#### [WORK INSTRUCTION]
Without the pictures, set down exactly the lines from the one that contains "10月19日上午,中国社科院" to the end of the entries, both included, and nothing besides.

#### [SUPPLIED MATERIAL]
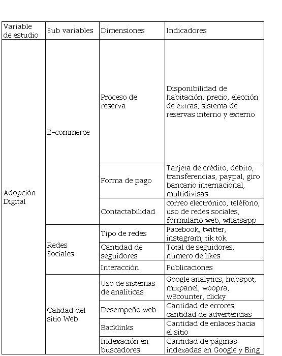Con el objeto de recopilar y describir la situación de adopción digital de los hoteles antes indicados, se determinó su operacionalización según la definición nominal, definición real y definición operacional de la variable de estudio. Lo anterior implica una partición en términos de sub variables, dimensiones e indicadores específicos, lo cual se muestra en la Tabla 1.
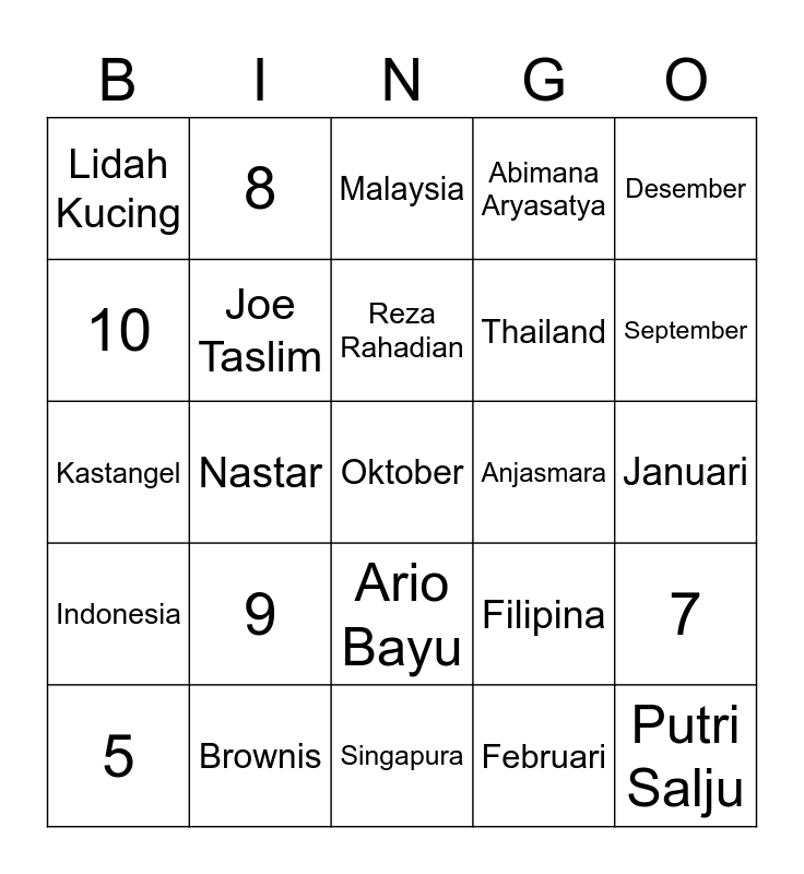 This bingo card has 25 words: Indonesia, Brownis, Oktober, Februari, Desember, Lidah Kucing, 8, Malaysia, Anjasmara, 7, 10, Joe Taslim, Singapura, Filipina, September, 5, Nastar, Reza Rahadian, Thailand, Januari, Kastangel, 9, Ario Bayu, Abimana Aryasatya and Putri Salju.
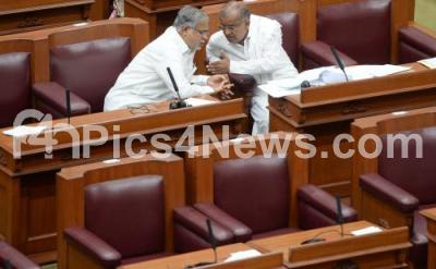 Photo Caption : Minister GT Devegowda and BJP MLA Suresh Kumar during Assembly Session at Suvarna Soudha, in Belagavi on Tuesday 18th December 2018
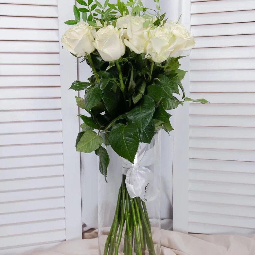 роза mondial 60 см – 19 шт.Фисташка – 2 шт.Пленка прозрачная – 1 шт.Лента атласная – 1 шт.
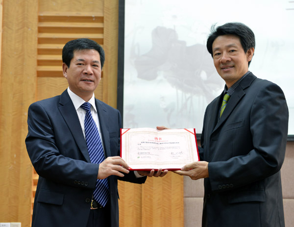 10月19日上午,中国社科院外国文学研究所所长、中国外国文学学会会长陈众议教授受聘为新葡的京集团4321“稽山讲座学者”,学校常务副校长、党委常务副书记叶访春为陈众议教授颁发聘书。这标志着新葡京官网“名师库”再添一位名家。副校长朱文斌主持聘任仪式和主题讲座。
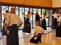 Die Praxis stand an diesem Wochenende klar im Vordergrund. So wurden nahezu ausschließlich im Taihai geübt. Kontinuierlich gab es Rückmeldung von Ingrid und Marco zu Kihontai. Und auch individuelle Korrekturen zur Schießtechnik kamen nicht zur kurz. Während die Renshi-Anwärter mochi mato sharei übten, setzten sich die anderen Teilnehmer mit Shitsu auseinander. Über die zwei Tage war bei allen Teilnehmern eine deutliche Leistungssteigerung zu erkennen. Die Bewegungen im Taihai wurden sicherer und harmonischer und die Qualität der Schüsse näherte sich den geforderten Prüfungskriterien. Dank der motivierenden Unterstützung durch Ingrid und Marco haben alle Teilnehmer von dem Wochenende sehr profitiert. Es ist klar, dass es innerhalb von 5 Wochen nicht möglich ist, die erhaltenen Korrekturen komplett umzusetzen. Jedoch wurde klar aufgezeigt, an welchen Scherpunkten bis dahin noch zu arbeiten ist. Final wünschten die Lehrer viel Erfolg bei der Prüfung. Augenzwinkernd ergänzte Horst vom ausrichtenden Verein, dass bei Nichtbestehen der Prüfung, die Teilnahmegebühr für das Seminar nicht erstattet wird.

#### [OUTPUT]
 10月19日上午,中国社科院外国文学研究所所长、中国外国文学学会会长陈众议教授受聘为新葡的京集团4321“稽山讲座学者”,学校常务副校长、党委常务副书记叶访春为陈众议教授颁发聘书。这标志着新葡京官网“名师库”再添一位名家。副校长朱文斌主持聘任仪式和主题讲座。
 Die Praxis stand an diesem Wochenende klar im Vordergrund. So wurden nahezu ausschließlich im Taihai geübt. Kontinuierlich gab es Rückmeldung von Ingrid und Marco zu Kihontai. Und auch individuelle Korrekturen zur Schießtechnik kamen nicht zur kurz. Während die Renshi-Anwärter mochi mato sharei übten, setzten sich die anderen Teilnehmer mit Shitsu auseinander. Über die zwei Tage war bei allen Teilnehmern eine deutliche Leistungssteigerung zu erkennen. Die Bewegungen im Taihai wurden sicherer und harmonischer und die Qualität der Schüsse näherte sich den geforderten Prüfungskriterien. Dank der motivierenden Unterstützung durch Ingrid und Marco haben alle Teilnehmer von dem Wochenende sehr profitiert. Es ist klar, dass es innerhalb von 5 Wochen nicht möglich ist, die erhaltenen Korrekturen komplett umzusetzen. Jedoch wurde klar aufgezeigt, an welchen Scherpunkten bis dahin noch zu arbeiten ist. Final wünschten die Lehrer viel Erfolg bei der Prüfung. Augenzwinkernd ergänzte Horst vom ausrichtenden Verein, dass bei Nichtbestehen der Prüfung, die Teilnahmegebühr für das Seminar nicht erstattet wird.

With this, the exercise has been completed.